Recorded data:
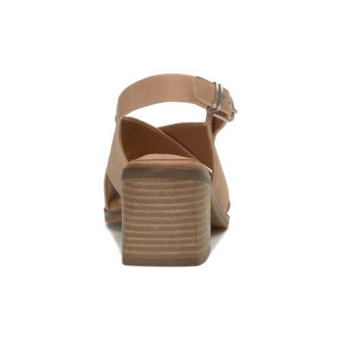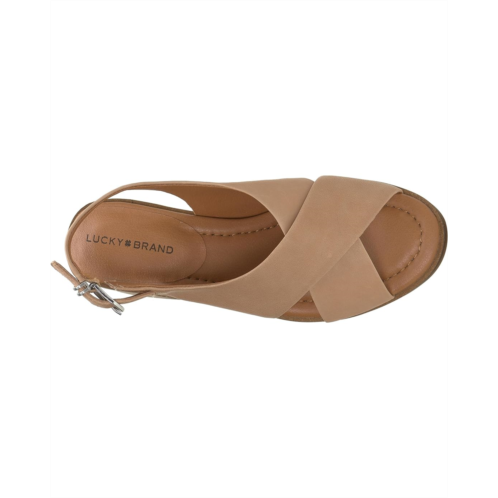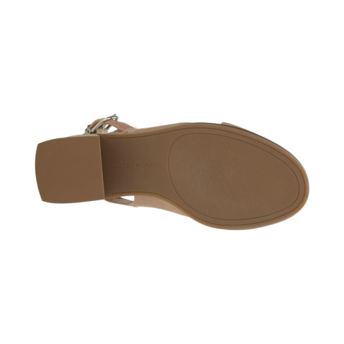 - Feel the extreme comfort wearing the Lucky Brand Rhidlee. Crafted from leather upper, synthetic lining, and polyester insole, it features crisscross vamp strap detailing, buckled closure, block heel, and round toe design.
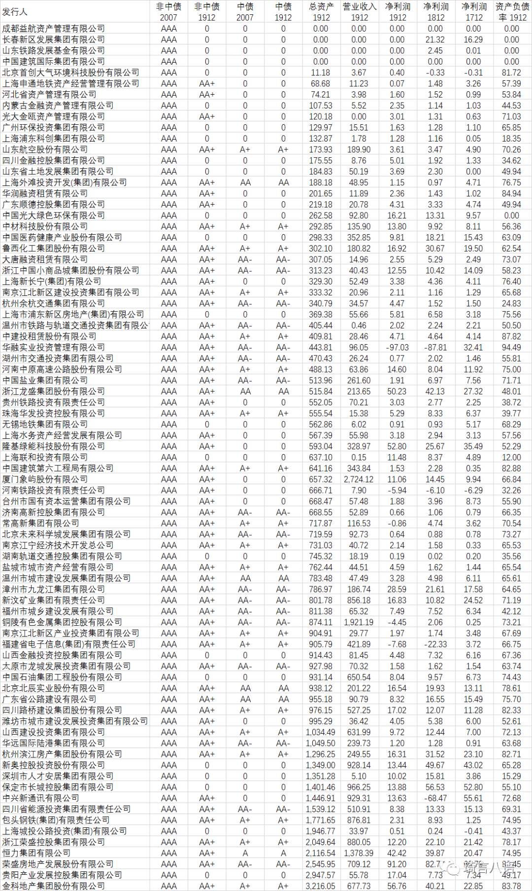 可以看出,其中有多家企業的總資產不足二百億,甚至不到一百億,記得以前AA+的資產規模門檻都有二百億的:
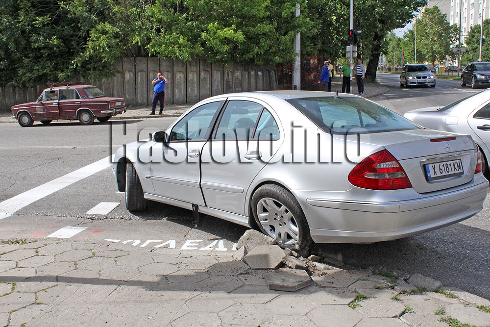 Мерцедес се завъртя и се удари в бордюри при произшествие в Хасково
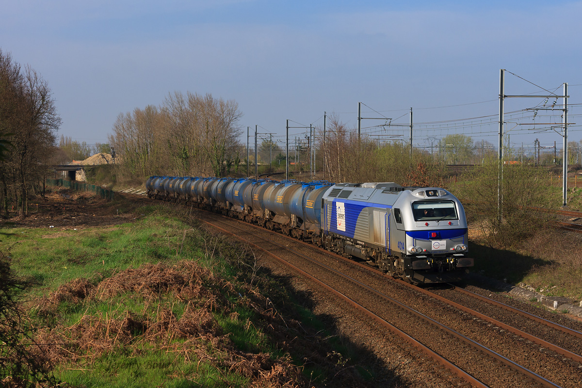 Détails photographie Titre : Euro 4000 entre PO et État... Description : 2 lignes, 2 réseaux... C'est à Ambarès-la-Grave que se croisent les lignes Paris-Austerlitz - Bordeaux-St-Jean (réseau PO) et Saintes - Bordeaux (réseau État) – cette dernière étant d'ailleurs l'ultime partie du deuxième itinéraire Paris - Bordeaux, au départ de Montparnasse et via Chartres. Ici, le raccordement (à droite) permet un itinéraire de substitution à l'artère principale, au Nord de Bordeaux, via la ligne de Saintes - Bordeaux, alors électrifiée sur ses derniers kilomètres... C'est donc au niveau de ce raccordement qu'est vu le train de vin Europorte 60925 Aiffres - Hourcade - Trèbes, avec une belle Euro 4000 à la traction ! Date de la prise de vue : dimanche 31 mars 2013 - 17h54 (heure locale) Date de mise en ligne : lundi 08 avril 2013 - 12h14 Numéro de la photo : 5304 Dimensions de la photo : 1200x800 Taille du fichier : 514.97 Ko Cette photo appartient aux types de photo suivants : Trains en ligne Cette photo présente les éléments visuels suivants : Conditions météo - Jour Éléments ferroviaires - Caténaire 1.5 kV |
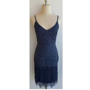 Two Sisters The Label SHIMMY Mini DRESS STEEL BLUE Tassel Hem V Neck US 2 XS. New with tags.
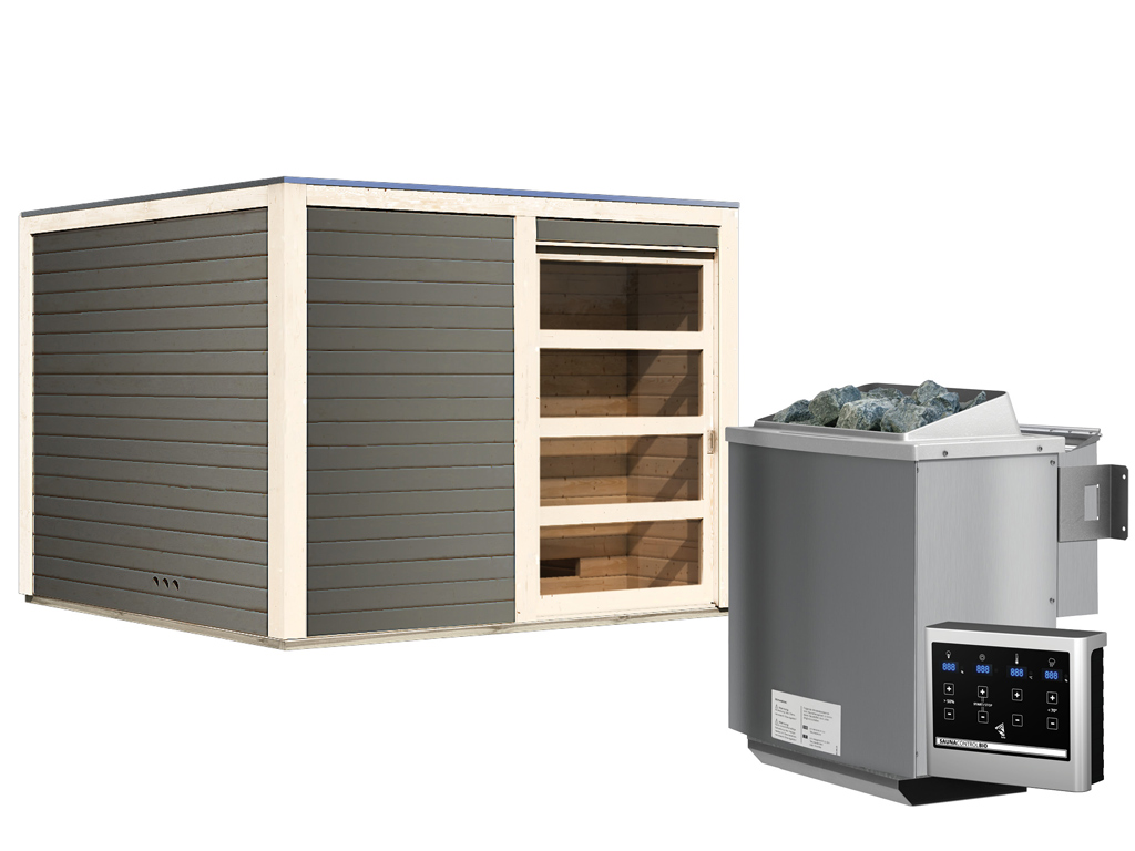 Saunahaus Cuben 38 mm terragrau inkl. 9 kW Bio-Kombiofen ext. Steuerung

About this task: Please restate the entries word for word, with all pictures left out.

Final answer:
 - Feel the extreme comfort wearing the Lucky Brand Rhidlee. Crafted from leather upper, synthetic lining, and polyester insole, it features crisscross vamp strap detailing, buckled closure, block heel, and round toe design.
 可以看出,其中有多家企業的總資產不足二百億,甚至不到一百億,記得以前AA+的資產規模門檻都有二百億的:
 Мерцедес се завъртя и се удари в бордюри при произшествие в Хасково
 Détails photographie Titre : Euro 4000 entre PO et État... Description : 2 lignes, 2 réseaux... C'est à Ambarès-la-Grave que se croisent les lignes Paris-Austerlitz - Bordeaux-St-Jean (réseau PO) et Saintes - Bordeaux (réseau État) – cette dernière étant d'ailleurs l'ultime partie du deuxième itinéraire Paris - Bordeaux, au départ de Montparnasse et via Chartres. Ici, le raccordement (à droite) permet un itinéraire de substitution à l'artère principale, au Nord de Bordeaux, via la ligne de Saintes - Bordeaux, alors électrifiée sur ses derniers kilomètres... C'est donc au niveau de ce raccordement qu'est vu le train de vin Europorte 60925 Aiffres - Hourcade - Trèbes, avec une belle Euro 4000 à la traction ! Date de la prise de vue : dimanche 31 mars 2013 - 17h54 (heure locale) Date de mise en ligne : lundi 08 avril 2013 - 12h14 Numéro de la photo : 5304 Dimensions de la photo : 1200x800 Taille du fichier : 514.97 Ko Cette photo appartient aux types de photo suivants : Trains en ligne Cette photo présente les éléments visuels suivants : Conditions météo - Jour Éléments ferroviaires - Caténaire 1.5 kV |
 Two Sisters The Label SHIMMY Mini DRESS STEEL BLUE Tassel Hem V Neck US 2 XS. New with tags.
 Saunahaus Cuben 38 mm terragrau inkl. 9 kW Bio-Kombiofen ext. Steuerung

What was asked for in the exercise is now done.